Uygulama yapılacak bölgeye öncelikle dezenfektan maddeler uygulanarak o bölgenin enfeksiyon oluşturacak mikroorganizmalardan arındırılması sağlanır. Lokal anestezik kremlerin uygulanıp 20-30 dakika bekletilmesinden sonra uygulamaya başlamak iğne giriş hissini azaltarak konfor sağlayabilir. Sonrasında buz uygulaması tatbik edilerek kanama, morluk oluşum riski ve ağrı hissi azaltılır. Enjeksiyon için genellikle 0.5 veya 1 cc' lik insülin enjektörleri tercih edilir. Bu enjektörler ile işlemin daha az ağrılı yapılabilmesi ve uygun dozları hassas bir şekilde belirleyebilmek amaçlanır. Uygulama hastanın ağrı eşiğine ve verilen araların miktarına bağlı olarak 5-10 dakika civarı sürmektedir.
 
Botoxta etki genellikle 1-3. günler başlar, 10-14. günlerde maksimum etki oluşur, 4-5 ay arası kadar da etki devam eder. Tekrarlayan uygulamalar sonrası oluşan kas küçülmeleri, sonradan uygulama olmasa bile belli bir süre ilgili bölgedeki problemin tekrarlamasını engelleyebilir veya eskiye göre problemin daha az miktarda olmasını sağlayabilir.
 
Kullanım alanları ;
  • alındaki ve kaş arasındaki çizgiler,
  • göz çevresinde oluşan çizgiler (kaz ayağı çizgileri)

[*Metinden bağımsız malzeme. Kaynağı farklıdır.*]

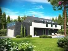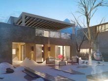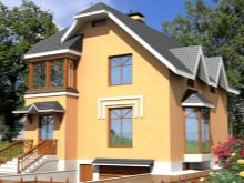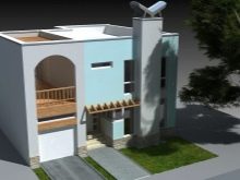 Една от тези опции е изпълнена в средиземноморски стил. Предвижда подреждане на 3 спални, 3 бани, тераса и дори гараж. Размерът на залата със стълбище е 29,7 кв. м., а на приземния етаж има 3-метрова баня.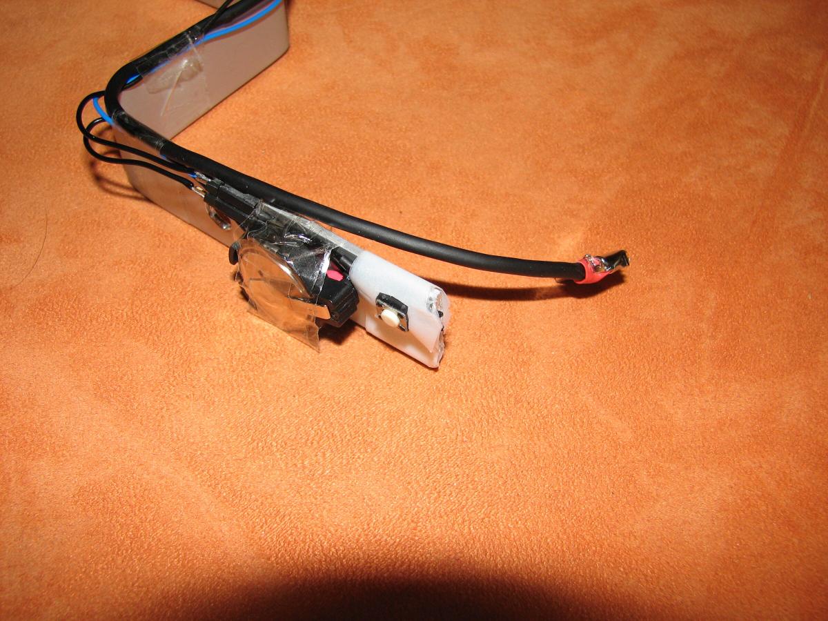 Zusätzlich wird die Signalspannung von ~5V durch drücken des Tasters von ein paar Knopfzellen am USB angelegt. Hier hab ich drei 1.5V Knopfzellen in reihe verlötet und eingeschrumpft. Später bin ich allerdings wieder zu zwei 3V Zellen gewechselt, da die Spannung recht früh unter dem nötigen Pegel lag.

  • burun kökü çizgileri (tavşan çizgileri),
  • dudak üstü ve dudak altı çizgileri (smoker lines)
  • burun ucu kaldırılması
  • aşağı bakan ağız köşelerini yukarı kaldırma
  • boyun kırışıklık çizgileri
  • boyun bantları
  • çiğneme kası büyümesi ve buna bağlı diş gıcırdatma tedavisi
  • terleme tedavisi
  • migren tedavisi
 
Olası komplikasyonlar genellikle uygulamanın hatalı bölgeye yapılmasına, uygun olmayan tekniklerle yapılmasına ve uygun olmayan dozlarda yapılmasına bağlıdır. Botox sonrası en sık görülen komplikasyon kanama ve sonrasında morluk oluşmasıdır. Bu yüzden hastalara uygulama öncesi aspirin gibi kan sulandırıcı (antitrombotik etkili) ilaçlar, çeşitli ağrı kesiciler ve vitamin hapları kullanımı sorulmalıdır. Morluk oluştuğunda hızlı dağılması için K vitamini içeren kremler veya arnica montana jel topikal olarak uygulanabilir. Morluğun geçme süresi 7 - 14 gün arasında değişir. Bu süre boyunca hasta isterse kapatıcı kremler kullanarak sosyal ortamlarda kendini daha rahat hissedebilir. Alın ve kaş bölgesi uygulamalarında en sık görülen komplikasyonlardan biri kaşın istenmeyen şekilde fazla kalkmasıdır. Tedavisi yine Botox ile yapılır. Kaş üstü bölgeye yapılan küçük bir uygulama kaşın tekrar normal pozisyonuna gelmesine olanak sağlar. Göz çevresi uygulamalarında çift görme (diplopi), göz kapağı ve kaş düşüklüğü, göz kuruluğu oluşabilir. Bu komplikasyonlar genellikle göze hatalı olarak çok yakın yapılan uygulamalar sonrası oluşur. Bu hastalar yakından izlenmeli, göz kuruluğu için suni göz yaşı damlaları, göz kapağı düşüklüğünde de aproklonidin içeren göz damlaları kullanılabilir. Ağız çevresi ve boyun uygulamaları düşük dozlarda yapılmalıdır. Dudak asimetrileri, salyanın dışarı akması, konuşmada bozulma, yutma güçlüğü, ses kısıklığı bu bölgelerin komplikasyonları arasındadır. Komplikasyon oluştuktan sonra tedaviye hızlıca başlanmalı, hastaya tüm bu istenmeyen durumların geçici olduğu anlatılmalıdır.
 
Herhangi bir bilinen kanıtlanmış teratojenik (hamilelikte çocuk gelişimine zarar veren) etkisi olmamasına rağmen gebelerde Botulinum toksin uygulaması önerilmemektedir. Eğer farkında olmadan gebeliğin erken dönemlerinde uygulama yapılmışsa gebeliğin sonlandırılmasına gerek olmadığı düşünülmektedir. Emziren annelere de uygulanması önerilmez. Yapılacak bölgede aktif enfeksiyon varsa, hastada bilinen nörolojik (sinir) ve kas sistemi hastalıkları varsa (Myastenia Gravis, Eaton-Lombert Sendromu gibi) uygulama yapılmamalıdır.
 
Botulinum toksin uygulaması güzel ve nazik yaşlanma için etkin yöntemlerden bir tanesidir. Basit gibi görünse de iyi bir anatomi bilgisi gerektirmesi, oluşabilecek komplikasyonların engellenmesi ve oluşmuşsa tedavisi için yeterli eğitimi almış uzman hekimlerce yapılması gerekmektedir.
 
Daha detaylı bilgi ve fiyat bilgisi için kliniğimizden randevu alabilirsiniz.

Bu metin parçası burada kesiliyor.